Ophthalmologists use a number of tests to examine the retina to diagnose retinoblastoma. These include one or more eye exams performed when the pupil is dilated (opened wider than normal) with medicated eye drops, which enables the doctor to look through the lens and pupil to the retina and use a light to examine the inside of the eye, the retina, and the optic nerve. Depending on the age of the child, this exam may be done under anesthesia.

  • Ophthalmoscopy: An exam of the inside of the eye using a magnifying lens and light.
  • Slit-lamp biomicroscopy: An exam of the inside of the eye using a strong beam of light and a microscope.
  • Fluorescein angiography: A procedure looking at the blood vessels and the flow of blood inside the eye.

Ophthalmologists use a specialized test of blood or tissue in a child suspected of having retinoblastoma to detect mutations in the mRB1 gene.

Ophthalmologists may use one or more imaging tests including:

  • Ultrasound, which uses high-energy sound waves to create a picture (sonogram) of the inside of the eye
  • MRI (magnetic resonance imaging) or nuclear magnetic resonance imaging (NMRI), which uses a magnet and radio waves to make a series of detailed pictures of the inside of the eye
  • Computed tomography (CT) scan, which takes x-ray pictures of the inside of the head and neck as the child slides through the CT scanner while lying on a table.

 

How is retinoblastoma treated?

Cancer that is entirely within the eye and has not spread is called intraocular retinoblastoma. Most children are diagnosed when the disease is in this localized stage, and 90% are cured. When the tumor has spread beyond the eye and into the tissues surrounding it or to another part of the body, it is called extraocular retinoblastoma. Retinoblastoma is often curable when it is diagnosed early, but becomes more difficult to treat if not found and treated in the early stages. Whenever possible, ophthalmologists design treatments with the aim of preserving a child’s sight.

Ophthalmologists determine a course of treatment for the disease based on the size and location of the tumor.

For small, localized tumors treatment may include:

  • Laser surgery
  • Cryotherapy (the localized use of extreme cold produced by liquid nitrogen or argon gas)
  • Radiation (see below)

Larger tumors may be treated with:

  • Radiotherapy: Ophthalmologists may use a type of internal radiotherapy called brachytherapy, in which surgeons stitch small radioactive plates (plaques) in place directly over the tumor, then leave these in place for a few days. If a tumor is large or has not responded to other treatments, ophthalmologists may treat the whole eye with radiotherapy.
  • Surgery: In some cases surgeons may have to remove the eye, a procedure called enucleation.
  • Chemotherapy: Doctors may use chemotherapy drugs to shrink a tumor before they use more targeted treatments. The chemotherapy may be introduced into the affected eye through a nearby blood vessel (artery); this is called intra-arterial chemotherapy.

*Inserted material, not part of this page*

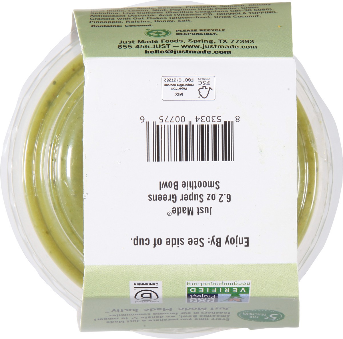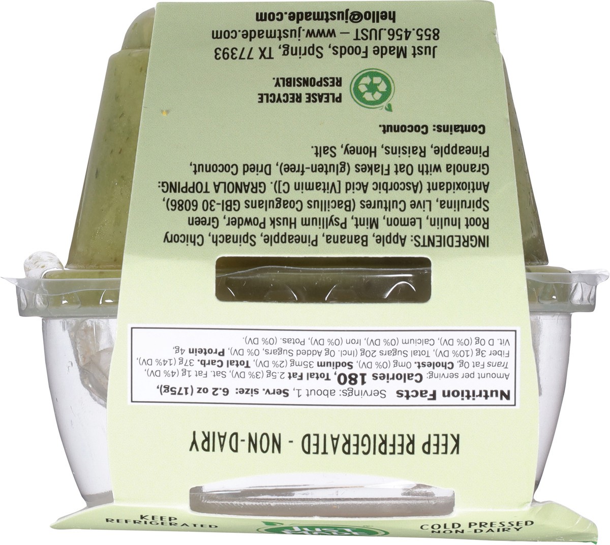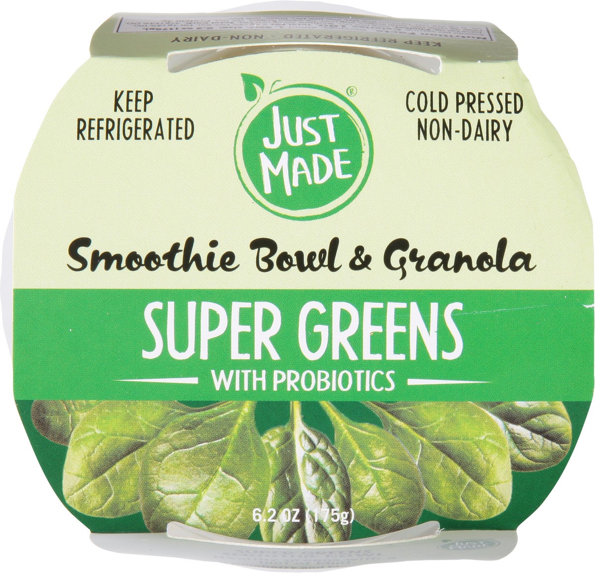 Refrigerated, ready-to-eat, smoothie bowl made with Spinach, Mint, Green Spirulina, Banana, and Pineapple. With added probiotics and crunchy granola topping, this smoothie bowl has no added sugar and …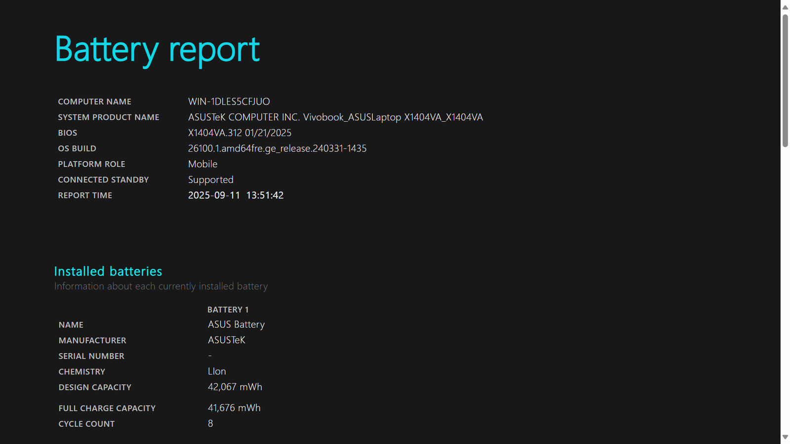 Battery Condition: 41,676/42,067 mWh 99.07%

Doctors sometimes devise a course of treatment that includes a combination of these approaches.

 

What is the recommended follow-up for a child with retinoblastoma?

Children who have been diagnosed and treated for heritable retinoblastoma may develop new tumors for a few years, so ophthalmologists schedule regular eye exams every 2 to 4 months for at least 28 months after the completion of treatment. A child who has retinoblastoma in one eye and a family history of the disease may be screened regularly using MRI.

Child with a family history of retinoblastoma should have regular eye exams beginning early in life to check for retinoblastoma, unless it is known that the child does not have the RB1 gene change. Early diagnosis of retinoblastoma may mean the child will need less intense treatment. Brothers or sisters of a child with retinoblastoma should have regular eye exams by an ophthalmologist until age 3 to 5 years, unless they are known not to have a RB1 gene mutation.